Bir milli direniş olarak tanımlanan Kuvayi Milliye, 1918 ve 1921 yılları arasında devam etmiştir. Milli Kuvvetler olarak adlandırılan bu silahlı birlik, düzenli ordudan oluşan işgalci güçlere karşı gerilla savaşı uygulamıştır. Milli birliklerin oluşması sebebiyle, işgal altındaki halk için bu örgüt bir umut olmuştur. Kuvayi Milliye Birliği, işgallerde bir sonuç elde edemedikleri ve düşman ordularını durduracak yeterli güce sahip olmadıkları için kısa süre sonra dağılmıştır.
Millî Mücadele döneminde düzenli ordu kurulana dek, düşman güçlere karşı halkın kendisini savunması, Kuvayi Milliye Hareketi nedir sorusuna cevap niteliğindedir. Örgüt, Anadolu ve Trakya taraflarında kurulmuştur. Bu birliğin 1920 yılı ortalarında 15 bin kişiye ulaştığı bilinmektedir. Düşman karşısında başarıyla mücadele eden Kuvayi Milliye birliği, Millî Mücadele karşıtı ayaklanmaların olmasını da büyük oranda etkilemiştir.
Birinci Dünya Savaşı sonrasında Osmanlı'nın yenilgisinin ardından işgalci güçler tarafından Mondros Ateşkes Antlaşması imzalatılmıştır. Yunanlıların İzmir'i işgal etme hedefi, bununla beraber Osmanlı'nın savunmasız kalıp dağılması, bu birliğin kurulmasına önayak olmuştur. İzmir'e yapılan işgaller ile birlikte halkın işkence ve zorbalık yaşaması ve dağılan Osmanlı'nın savunmasız kalması bir tepki olarak doğmuştur.

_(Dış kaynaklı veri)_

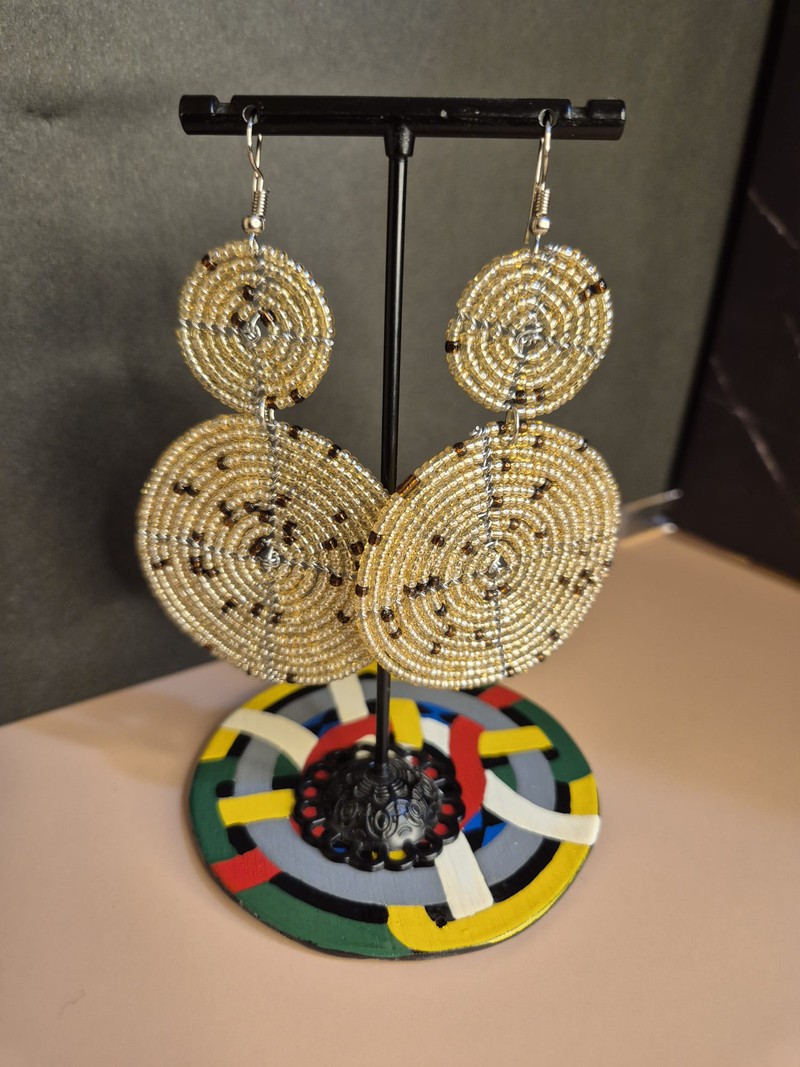 Boucles d’oreilles artisanales en perles Apportez une touche de couleur et d’originalité à votre style avec ces magnifiques boucles d’oreilles rondes, entièrement faites à la main. Détails : - Forme : pendantes - Matière : perles multicolores - Style : artisanal, ethnique et élégant Idéales pour égayer vos tenues quotidiennes ou apporter une note festive à vos sorties.

Kuvayi Milliye Birliği ilk ne zaman kuruldu sorusuna, 19 Aralık 1918 yılında Dörtyol'da Fransızlara karşı başlamıştır, cevabı verilebilir. Bunun yaşanmasındaki ilk büyük etken, Fransızlar 'ın Güney Cephesi'nde gerçekleştirdikleri işgallere Ermenileri de ortak etmeleridir. Daha sonraki süreçte ise bu birliğin ikinci direniş hareketi göze çarpmaktadır. İzmir'in işgalinden sonra bazı yurtsever subaylar Kuvayi Millîye Birliği'ni örgütleyerek Ege Bölgesi'nde resmen başlatmışlardır.
Kuvayi Milliye Birliği, Mondros Mütarekesi'nin ardından hükümetin tepkisizliği sebebiyle halkın kendiliğinden örgütlenerek kurduğu bir harekettir. Bu birlik, Batı Bölgesi'ndeki Yunan işgallerine, Doğu'da Ermeni ve Rum çetelerine ve Güney'deki Fransızlara karşı ayaklanmıştır. Bu birlik tamamen halkın irade gücüne bağlıdır. Kuvayi Milliye, Anadolu'daki işgallere karşı yapılan ilk silahlı direniş olması yönüyle dikkat çekmektedir. Tek bir merkeze bağlı olmayan ve kendi bulundukları bölgeleri savunan bu birlik, halkın milliyetçi ve vatansever ruhunu ortaya koymuştur.
Bu soruya cevap olarak birçok faktör sayılabilir. Buna göre, Osmanlı Devleti'nin Birinci Dünya Savaşı sonrasında yenilgiyle çıkması ilk ve en önemli nedendir. Bunun ardından Mondros Ateşkes ile Osmanlı ordusunun terhis edilmesi, İzmir'in işgali gibi sebepler sıralanır. İşgalcilerin halka zulmetmesi ve Osmanlı'nın halkın can ve mal güvenliğini koruyamaması, bu birliğin kurulmasında büyük etkendir.